▸ **ABOUT THIS TASK**:
Would you return, word for word, the lines of the data below from the line with "Four needle-felted landscapes" through the line with "Длина стола в разложенном виде", and no others?

▸ **RECORDED INFORMATION**:
*** Begin section ***

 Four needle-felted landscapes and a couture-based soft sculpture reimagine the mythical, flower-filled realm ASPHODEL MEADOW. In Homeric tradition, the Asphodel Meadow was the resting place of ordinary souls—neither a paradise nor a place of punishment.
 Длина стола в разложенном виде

*** End section ***
*** Begin section ***

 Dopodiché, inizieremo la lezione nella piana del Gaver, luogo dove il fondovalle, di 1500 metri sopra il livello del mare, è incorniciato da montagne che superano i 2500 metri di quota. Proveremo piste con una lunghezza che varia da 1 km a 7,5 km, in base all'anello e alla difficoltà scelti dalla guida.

*** End section ***

▸ **ANSWER SECTION**:
 Four needle-felted landscapes and a couture-based soft sculpture reimagine the mythical, flower-filled realm ASPHODEL MEADOW. In Homeric tradition, the Asphodel Meadow was the resting place of ordinary souls—neither a paradise nor a place of punishment.
 Длина стола в разложенном виде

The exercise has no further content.